The minority vote, and in particular the Latino vote, definitely helped Obama win. 80 percent of Latino, black and Asians voted for Obama in last week’s election, the same percentage as in 2008. In 2050, non-Hispanic whites are to become half or slightly less of the U.S. population and the GOP had best look out: So many have been commenting in the wake of the President’s reelection.
I have been feeling a bit bemused at all this commentary and not only because I’m Asian-American. In my Latin and ancient Greek classes at a small university in Jersey City, New Jersey, where white students are a minority, I often brought up the topic of elections in the weeks leading up to November 6. At my school, white students make up about 28 percent of the student population; black students, about 27 percent; Hispanic students, about 26 percent; Asian students about 11 percent.
Whenever I mentioned Mitt Romney, my students blinked and showed no response, so alien did the now-former GOP candidate seem to them.
While discussing democracy in ancient Athens and in the Roman Republic, I pointed out to my students that none of them, and certainly not myself, would have been eligible to vote, as only male citizens could. Women could not vote; resident foreigners (“metics” in ancient Greece) could not vote; slaves (who may have comprised a third of the population and were often one’s former, conquered, enemies) certainly could not vote.
After hearing all this, a young woman who’s from the Islands approached me after class and nervously asked me, did I think it was worth the effort for her to apply to vote by mail.
Of course! Every vote, your vote, counts, I immediately replied.

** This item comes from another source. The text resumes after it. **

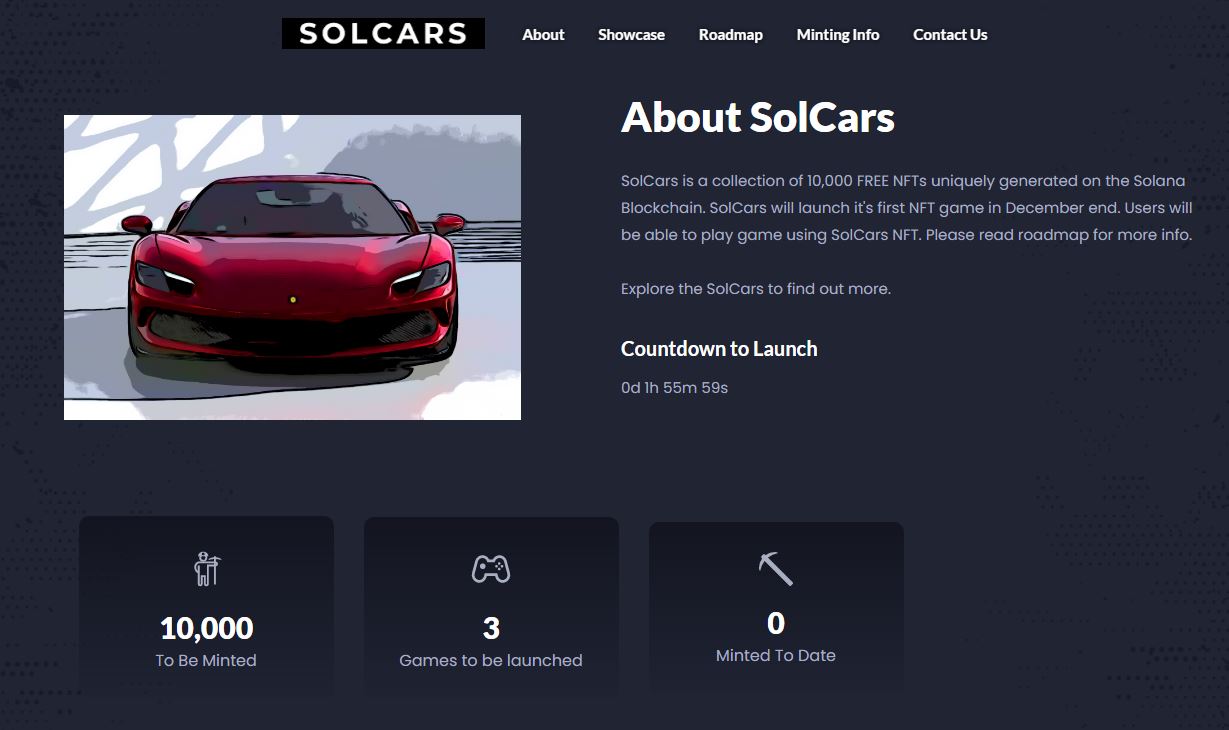 Бесплатная раздача 10000 NFT от Sol Cars на блокчейне Solana

The student told me that she had already filled out the mail-in ballot application but could I look it over for her. She also asked me if I knew where she could purchase a stamp. I started to talk about the nearest post office, then realized that it is not close to the campus, it is not in the greatest neighborhood and, the last time I went there, there was one clerk behind the bars and bullet-proof glass and one very long line.
I told my student I would bring her a stamp. After she had left, another student who was waiting for the next class said he was now going to send in his mail-in ballot.
A few days later, the topic of Obama and the election surfaced again with a student (he is studying Greek to read the New Testament as he wants to be a minister) who’s from a town next to Newark where on many a winter day, the public schools were closed because there was no heat as a boiler had broken again and there weren’t readily available funds to fix it. ”Dr. Chew, I wasn’t able to vote in the last election because I was turning 18 in 2008 — and my birthday was the day after the election!” he said, clearly disappointed that he hadn’t been able to vote in the election that resulted in our first African-American president.
We talked a little about the first debate and my student looked sad and pained — I felt the same — in recalling Obama’s lackluster performance. We both agreed, after the past four years, we were having a hard time imagining seeing someone who wasn’t a minority in the White House.
“You can vote this time,” I said. “Yes and I am,” my student affirmed.
It’s been almost two weeks since I have seen my students. The Friday before Hurricane Sandy hit was Eid al-Adha and many students who are Muslim were not in class as they were celebrating the holiday. My school was closed for a week and a day because there was no electricity after the storm. Last Tuesday as I was nervously watching the votes being counted, I felt a rush of cheer on reading a status update from a student (who is black, Latina and Asian): ”All my love to President Obama.”
Election day has come and gone but for sure I’m asking my students if they voted. One can never be sure, but I’ve a good idea who many voted for.